▶ _Work required_
Reproduce precisely the lines between the start of the data below and the line with "1/4The capercaillie’s story", both included.

▶ _Dataset extract_
((
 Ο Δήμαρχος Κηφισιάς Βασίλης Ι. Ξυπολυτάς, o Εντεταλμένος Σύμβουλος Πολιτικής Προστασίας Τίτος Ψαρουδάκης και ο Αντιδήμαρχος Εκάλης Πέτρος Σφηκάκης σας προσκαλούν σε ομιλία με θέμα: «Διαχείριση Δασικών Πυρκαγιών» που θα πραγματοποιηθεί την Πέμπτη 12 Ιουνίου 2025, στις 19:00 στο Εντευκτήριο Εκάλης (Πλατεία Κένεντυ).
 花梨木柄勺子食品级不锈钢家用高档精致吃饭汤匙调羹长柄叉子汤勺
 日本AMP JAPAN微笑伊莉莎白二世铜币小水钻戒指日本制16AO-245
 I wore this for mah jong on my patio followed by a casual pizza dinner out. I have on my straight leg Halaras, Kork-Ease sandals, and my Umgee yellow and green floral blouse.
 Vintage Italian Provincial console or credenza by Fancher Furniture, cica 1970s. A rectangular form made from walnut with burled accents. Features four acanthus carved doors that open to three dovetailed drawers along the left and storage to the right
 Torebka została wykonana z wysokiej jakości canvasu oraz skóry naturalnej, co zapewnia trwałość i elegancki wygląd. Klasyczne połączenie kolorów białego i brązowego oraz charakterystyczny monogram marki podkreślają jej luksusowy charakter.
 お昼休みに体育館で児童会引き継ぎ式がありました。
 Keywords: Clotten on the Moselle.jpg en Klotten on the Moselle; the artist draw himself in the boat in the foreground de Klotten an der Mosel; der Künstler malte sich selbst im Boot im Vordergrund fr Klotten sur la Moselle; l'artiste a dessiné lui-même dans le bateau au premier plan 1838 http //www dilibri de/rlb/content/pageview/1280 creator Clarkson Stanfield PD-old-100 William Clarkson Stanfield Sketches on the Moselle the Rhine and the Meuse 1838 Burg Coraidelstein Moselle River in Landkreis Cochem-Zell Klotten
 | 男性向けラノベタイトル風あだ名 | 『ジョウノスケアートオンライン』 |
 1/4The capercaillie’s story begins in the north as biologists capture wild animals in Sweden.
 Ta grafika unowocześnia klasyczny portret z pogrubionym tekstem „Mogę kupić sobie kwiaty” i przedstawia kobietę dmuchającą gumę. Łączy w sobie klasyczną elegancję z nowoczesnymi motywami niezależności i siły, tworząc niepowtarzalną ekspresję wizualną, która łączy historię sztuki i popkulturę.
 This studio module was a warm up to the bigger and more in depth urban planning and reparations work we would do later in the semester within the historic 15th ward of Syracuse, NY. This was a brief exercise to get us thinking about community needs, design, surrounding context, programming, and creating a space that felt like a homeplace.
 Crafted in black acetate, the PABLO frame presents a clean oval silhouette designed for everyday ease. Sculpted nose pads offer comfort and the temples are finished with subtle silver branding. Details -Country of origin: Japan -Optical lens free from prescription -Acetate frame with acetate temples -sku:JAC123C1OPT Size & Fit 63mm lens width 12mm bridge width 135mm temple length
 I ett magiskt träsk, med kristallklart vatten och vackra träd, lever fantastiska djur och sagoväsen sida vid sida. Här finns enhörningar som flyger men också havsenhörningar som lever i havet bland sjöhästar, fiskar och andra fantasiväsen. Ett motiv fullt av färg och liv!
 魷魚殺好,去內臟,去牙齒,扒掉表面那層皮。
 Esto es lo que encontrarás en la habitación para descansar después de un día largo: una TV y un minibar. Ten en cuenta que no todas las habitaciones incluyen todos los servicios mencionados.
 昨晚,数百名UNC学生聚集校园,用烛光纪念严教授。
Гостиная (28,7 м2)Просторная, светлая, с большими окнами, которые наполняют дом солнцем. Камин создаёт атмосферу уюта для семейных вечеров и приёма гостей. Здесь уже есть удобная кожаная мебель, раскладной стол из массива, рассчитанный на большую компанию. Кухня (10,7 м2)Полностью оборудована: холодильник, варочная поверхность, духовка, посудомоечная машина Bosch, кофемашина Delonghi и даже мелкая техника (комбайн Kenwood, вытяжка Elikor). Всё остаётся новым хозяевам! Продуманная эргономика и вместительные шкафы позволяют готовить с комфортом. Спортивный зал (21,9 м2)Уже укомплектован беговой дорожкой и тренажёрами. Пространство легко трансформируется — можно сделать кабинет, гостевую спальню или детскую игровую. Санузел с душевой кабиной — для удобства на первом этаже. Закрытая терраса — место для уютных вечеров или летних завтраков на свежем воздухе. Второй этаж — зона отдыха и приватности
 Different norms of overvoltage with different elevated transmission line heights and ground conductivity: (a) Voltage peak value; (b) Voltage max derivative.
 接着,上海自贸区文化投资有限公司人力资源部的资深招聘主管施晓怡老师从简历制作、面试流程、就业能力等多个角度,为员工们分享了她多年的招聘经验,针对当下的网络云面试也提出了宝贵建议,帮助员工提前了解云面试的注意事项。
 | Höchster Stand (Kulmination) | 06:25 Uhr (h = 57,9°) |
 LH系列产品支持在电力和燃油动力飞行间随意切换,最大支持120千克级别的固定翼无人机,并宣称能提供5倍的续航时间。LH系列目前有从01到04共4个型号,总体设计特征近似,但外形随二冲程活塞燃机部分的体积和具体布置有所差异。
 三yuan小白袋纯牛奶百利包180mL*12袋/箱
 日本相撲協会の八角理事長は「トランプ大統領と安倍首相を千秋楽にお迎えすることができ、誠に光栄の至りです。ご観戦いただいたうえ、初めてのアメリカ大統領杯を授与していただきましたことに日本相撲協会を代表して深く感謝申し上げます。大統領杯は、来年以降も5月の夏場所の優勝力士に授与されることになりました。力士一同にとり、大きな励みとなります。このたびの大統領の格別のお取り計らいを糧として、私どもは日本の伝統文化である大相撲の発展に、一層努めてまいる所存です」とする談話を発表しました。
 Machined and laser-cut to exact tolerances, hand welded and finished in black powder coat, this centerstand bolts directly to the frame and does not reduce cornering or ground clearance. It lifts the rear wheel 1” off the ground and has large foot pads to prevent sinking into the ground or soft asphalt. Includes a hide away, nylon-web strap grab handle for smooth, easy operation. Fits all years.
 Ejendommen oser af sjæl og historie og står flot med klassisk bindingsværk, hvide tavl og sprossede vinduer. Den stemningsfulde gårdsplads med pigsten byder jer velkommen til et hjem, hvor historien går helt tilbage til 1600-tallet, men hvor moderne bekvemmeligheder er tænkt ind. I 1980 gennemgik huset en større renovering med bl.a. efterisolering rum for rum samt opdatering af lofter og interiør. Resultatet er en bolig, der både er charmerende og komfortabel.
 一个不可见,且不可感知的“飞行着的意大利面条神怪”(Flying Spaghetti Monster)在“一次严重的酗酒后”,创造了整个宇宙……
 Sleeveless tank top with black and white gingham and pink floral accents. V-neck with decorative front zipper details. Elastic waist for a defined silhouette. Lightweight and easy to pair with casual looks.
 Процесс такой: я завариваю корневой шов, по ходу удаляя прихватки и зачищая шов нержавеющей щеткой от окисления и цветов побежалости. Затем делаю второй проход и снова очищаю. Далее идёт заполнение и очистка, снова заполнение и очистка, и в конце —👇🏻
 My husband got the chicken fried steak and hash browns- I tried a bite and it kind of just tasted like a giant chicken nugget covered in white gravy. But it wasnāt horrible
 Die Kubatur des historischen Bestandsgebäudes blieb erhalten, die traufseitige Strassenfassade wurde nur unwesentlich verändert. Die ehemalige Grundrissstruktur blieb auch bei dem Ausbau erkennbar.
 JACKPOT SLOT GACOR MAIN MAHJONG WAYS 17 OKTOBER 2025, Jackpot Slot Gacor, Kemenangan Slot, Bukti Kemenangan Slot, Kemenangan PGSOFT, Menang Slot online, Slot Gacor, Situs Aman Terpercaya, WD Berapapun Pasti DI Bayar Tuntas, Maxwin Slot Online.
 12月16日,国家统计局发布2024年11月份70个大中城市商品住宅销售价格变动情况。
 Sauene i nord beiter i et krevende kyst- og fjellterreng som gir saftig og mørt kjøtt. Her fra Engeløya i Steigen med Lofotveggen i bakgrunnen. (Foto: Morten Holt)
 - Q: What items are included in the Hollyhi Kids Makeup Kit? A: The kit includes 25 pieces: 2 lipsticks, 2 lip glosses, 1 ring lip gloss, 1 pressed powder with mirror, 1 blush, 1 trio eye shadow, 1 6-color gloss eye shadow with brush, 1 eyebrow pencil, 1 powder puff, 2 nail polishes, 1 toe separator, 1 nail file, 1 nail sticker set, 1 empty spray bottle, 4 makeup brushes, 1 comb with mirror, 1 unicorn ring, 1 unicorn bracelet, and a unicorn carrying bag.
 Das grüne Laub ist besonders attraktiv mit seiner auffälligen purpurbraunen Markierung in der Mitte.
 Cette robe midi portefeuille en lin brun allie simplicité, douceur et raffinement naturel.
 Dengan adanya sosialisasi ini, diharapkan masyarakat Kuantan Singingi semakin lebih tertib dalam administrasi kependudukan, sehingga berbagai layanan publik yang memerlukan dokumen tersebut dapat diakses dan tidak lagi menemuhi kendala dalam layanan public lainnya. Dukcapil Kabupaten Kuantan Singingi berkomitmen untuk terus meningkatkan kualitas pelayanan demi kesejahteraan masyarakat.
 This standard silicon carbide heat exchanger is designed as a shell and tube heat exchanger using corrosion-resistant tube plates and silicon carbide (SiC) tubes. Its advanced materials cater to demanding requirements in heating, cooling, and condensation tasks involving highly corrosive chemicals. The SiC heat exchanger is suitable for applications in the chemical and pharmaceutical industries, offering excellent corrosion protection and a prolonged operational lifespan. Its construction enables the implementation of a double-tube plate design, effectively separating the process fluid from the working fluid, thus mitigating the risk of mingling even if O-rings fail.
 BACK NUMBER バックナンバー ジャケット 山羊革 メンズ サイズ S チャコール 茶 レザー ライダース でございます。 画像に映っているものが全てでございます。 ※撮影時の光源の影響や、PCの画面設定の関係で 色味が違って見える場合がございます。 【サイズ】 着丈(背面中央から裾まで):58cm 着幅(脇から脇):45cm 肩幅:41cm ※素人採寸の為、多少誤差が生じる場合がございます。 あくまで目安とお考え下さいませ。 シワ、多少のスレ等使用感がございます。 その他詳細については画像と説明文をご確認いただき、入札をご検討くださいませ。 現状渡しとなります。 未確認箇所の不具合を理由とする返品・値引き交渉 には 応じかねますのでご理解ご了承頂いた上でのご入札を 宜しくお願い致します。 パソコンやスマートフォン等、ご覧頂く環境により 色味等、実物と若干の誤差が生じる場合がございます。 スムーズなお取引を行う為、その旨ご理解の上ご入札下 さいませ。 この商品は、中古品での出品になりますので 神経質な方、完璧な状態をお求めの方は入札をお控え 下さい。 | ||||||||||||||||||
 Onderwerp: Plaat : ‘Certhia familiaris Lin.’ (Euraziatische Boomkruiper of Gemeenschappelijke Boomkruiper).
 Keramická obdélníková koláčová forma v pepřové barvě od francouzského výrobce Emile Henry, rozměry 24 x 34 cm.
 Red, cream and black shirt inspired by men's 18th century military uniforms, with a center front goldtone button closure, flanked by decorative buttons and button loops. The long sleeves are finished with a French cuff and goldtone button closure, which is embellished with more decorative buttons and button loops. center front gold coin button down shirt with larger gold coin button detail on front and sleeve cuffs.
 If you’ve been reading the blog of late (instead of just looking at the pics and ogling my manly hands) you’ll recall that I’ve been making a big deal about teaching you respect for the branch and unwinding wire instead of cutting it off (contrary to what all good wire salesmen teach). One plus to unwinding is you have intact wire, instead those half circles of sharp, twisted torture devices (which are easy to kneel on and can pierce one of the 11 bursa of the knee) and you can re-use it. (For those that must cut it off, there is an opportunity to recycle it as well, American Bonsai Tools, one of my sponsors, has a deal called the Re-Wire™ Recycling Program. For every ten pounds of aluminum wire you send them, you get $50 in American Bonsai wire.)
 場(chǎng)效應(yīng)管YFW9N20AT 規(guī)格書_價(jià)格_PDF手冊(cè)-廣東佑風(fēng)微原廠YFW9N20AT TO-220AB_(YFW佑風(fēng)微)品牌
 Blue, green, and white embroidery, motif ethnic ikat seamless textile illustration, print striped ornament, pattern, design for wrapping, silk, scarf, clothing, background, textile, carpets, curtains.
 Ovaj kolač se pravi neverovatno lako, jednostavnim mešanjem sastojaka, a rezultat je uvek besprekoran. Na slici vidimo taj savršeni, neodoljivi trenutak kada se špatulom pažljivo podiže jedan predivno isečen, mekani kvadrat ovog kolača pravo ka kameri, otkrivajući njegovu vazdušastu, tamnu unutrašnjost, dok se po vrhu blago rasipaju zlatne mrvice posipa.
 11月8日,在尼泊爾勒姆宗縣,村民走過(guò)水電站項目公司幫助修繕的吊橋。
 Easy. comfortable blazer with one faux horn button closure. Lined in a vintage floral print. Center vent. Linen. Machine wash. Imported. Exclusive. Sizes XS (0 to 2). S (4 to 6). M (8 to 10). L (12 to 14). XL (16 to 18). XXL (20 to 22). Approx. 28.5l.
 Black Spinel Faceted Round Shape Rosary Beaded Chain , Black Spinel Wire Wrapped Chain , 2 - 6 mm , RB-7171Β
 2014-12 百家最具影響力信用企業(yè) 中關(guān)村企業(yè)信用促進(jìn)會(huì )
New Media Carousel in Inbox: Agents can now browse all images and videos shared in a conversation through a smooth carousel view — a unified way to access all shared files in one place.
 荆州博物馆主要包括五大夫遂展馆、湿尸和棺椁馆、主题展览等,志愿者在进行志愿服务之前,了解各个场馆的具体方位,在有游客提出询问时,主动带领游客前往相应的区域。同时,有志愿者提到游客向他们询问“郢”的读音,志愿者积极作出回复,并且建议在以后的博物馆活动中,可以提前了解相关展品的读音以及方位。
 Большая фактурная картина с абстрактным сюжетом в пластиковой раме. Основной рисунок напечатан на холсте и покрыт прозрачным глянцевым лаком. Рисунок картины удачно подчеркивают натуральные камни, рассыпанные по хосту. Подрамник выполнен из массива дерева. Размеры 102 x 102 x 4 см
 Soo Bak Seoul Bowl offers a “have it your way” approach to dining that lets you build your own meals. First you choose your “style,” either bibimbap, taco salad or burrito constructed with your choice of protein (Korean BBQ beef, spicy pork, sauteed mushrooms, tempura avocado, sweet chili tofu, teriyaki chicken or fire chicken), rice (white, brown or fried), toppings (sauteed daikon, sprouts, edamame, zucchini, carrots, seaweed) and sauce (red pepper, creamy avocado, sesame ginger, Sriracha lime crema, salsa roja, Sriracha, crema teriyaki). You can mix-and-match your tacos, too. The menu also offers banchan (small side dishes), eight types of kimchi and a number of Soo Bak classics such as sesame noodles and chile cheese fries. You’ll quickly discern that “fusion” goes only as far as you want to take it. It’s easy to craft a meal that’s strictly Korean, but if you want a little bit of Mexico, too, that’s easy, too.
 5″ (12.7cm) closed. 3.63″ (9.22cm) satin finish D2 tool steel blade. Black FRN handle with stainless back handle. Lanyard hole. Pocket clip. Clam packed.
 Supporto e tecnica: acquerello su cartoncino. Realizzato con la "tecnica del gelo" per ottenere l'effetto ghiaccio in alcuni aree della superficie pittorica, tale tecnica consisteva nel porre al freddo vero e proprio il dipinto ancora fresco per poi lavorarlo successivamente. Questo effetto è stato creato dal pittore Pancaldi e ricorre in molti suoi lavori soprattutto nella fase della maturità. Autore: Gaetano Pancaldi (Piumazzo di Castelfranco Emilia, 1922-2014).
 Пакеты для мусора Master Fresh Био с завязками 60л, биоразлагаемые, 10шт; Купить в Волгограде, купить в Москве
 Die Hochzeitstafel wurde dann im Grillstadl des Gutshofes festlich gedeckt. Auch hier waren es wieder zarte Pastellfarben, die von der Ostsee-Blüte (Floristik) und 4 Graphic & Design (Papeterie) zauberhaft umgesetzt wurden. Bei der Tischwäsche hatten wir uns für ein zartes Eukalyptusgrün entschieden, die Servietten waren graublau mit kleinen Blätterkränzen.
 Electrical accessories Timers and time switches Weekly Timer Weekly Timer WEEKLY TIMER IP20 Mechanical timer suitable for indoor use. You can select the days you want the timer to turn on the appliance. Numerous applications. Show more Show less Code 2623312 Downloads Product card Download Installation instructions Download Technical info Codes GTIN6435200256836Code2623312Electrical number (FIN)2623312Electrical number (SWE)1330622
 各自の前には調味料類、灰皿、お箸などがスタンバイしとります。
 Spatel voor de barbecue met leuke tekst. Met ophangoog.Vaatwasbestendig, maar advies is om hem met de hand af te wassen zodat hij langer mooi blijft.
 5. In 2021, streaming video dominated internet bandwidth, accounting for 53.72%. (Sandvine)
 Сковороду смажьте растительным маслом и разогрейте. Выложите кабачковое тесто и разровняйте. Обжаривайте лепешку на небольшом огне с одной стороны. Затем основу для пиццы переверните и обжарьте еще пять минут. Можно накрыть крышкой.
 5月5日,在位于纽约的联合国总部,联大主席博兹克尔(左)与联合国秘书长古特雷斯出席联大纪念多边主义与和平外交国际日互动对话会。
))
▶ _Answer_
 Ο Δήμαρχος Κηφισιάς Βασίλης Ι. Ξυπολυτάς, o Εντεταλμένος Σύμβουλος Πολιτικής Προστασίας Τίτος Ψαρουδάκης και ο Αντιδήμαρχος Εκάλης Πέτρος Σφηκάκης σας προσκαλούν σε ομιλία με θέμα: «Διαχείριση Δασικών Πυρκαγιών» που θα πραγματοποιηθεί την Πέμπτη 12 Ιουνίου 2025, στις 19:00 στο Εντευκτήριο Εκάλης (Πλατεία Κένεντυ).
 花梨木柄勺子食品级不锈钢家用高档精致吃饭汤匙调羹长柄叉子汤勺
 日本AMP JAPAN微笑伊莉莎白二世铜币小水钻戒指日本制16AO-245
 I wore this for mah jong on my patio followed by a casual pizza dinner out. I have on my straight leg Halaras, Kork-Ease sandals, and my Umgee yellow and green floral blouse.
 Vintage Italian Provincial console or credenza by Fancher Furniture, cica 1970s. A rectangular form made from walnut with burled accents. Features four acanthus carved doors that open to three dovetailed drawers along the left and storage to the right
 Torebka została wykonana z wysokiej jakości canvasu oraz skóry naturalnej, co zapewnia trwałość i elegancki wygląd. Klasyczne połączenie kolorów białego i brązowego oraz charakterystyczny monogram marki podkreślają jej luksusowy charakter.
 お昼休みに体育館で児童会引き継ぎ式がありました。
 Keywords: Clotten on the Moselle.jpg en Klotten on the Moselle; the artist draw himself in the boat in the foreground de Klotten an der Mosel; der Künstler malte sich selbst im Boot im Vordergrund fr Klotten sur la Moselle; l'artiste a dessiné lui-même dans le bateau au premier plan 1838 http //www dilibri de/rlb/content/pageview/1280 creator Clarkson Stanfield PD-old-100 William Clarkson Stanfield Sketches on the Moselle the Rhine and the Meuse 1838 Burg Coraidelstein Moselle River in Landkreis Cochem-Zell Klotten
 | 男性向けラノベタイトル風あだ名 | 『ジョウノスケアートオンライン』 |
 1/4The capercaillie’s story begins in the north as biologists capture wild animals in Sweden.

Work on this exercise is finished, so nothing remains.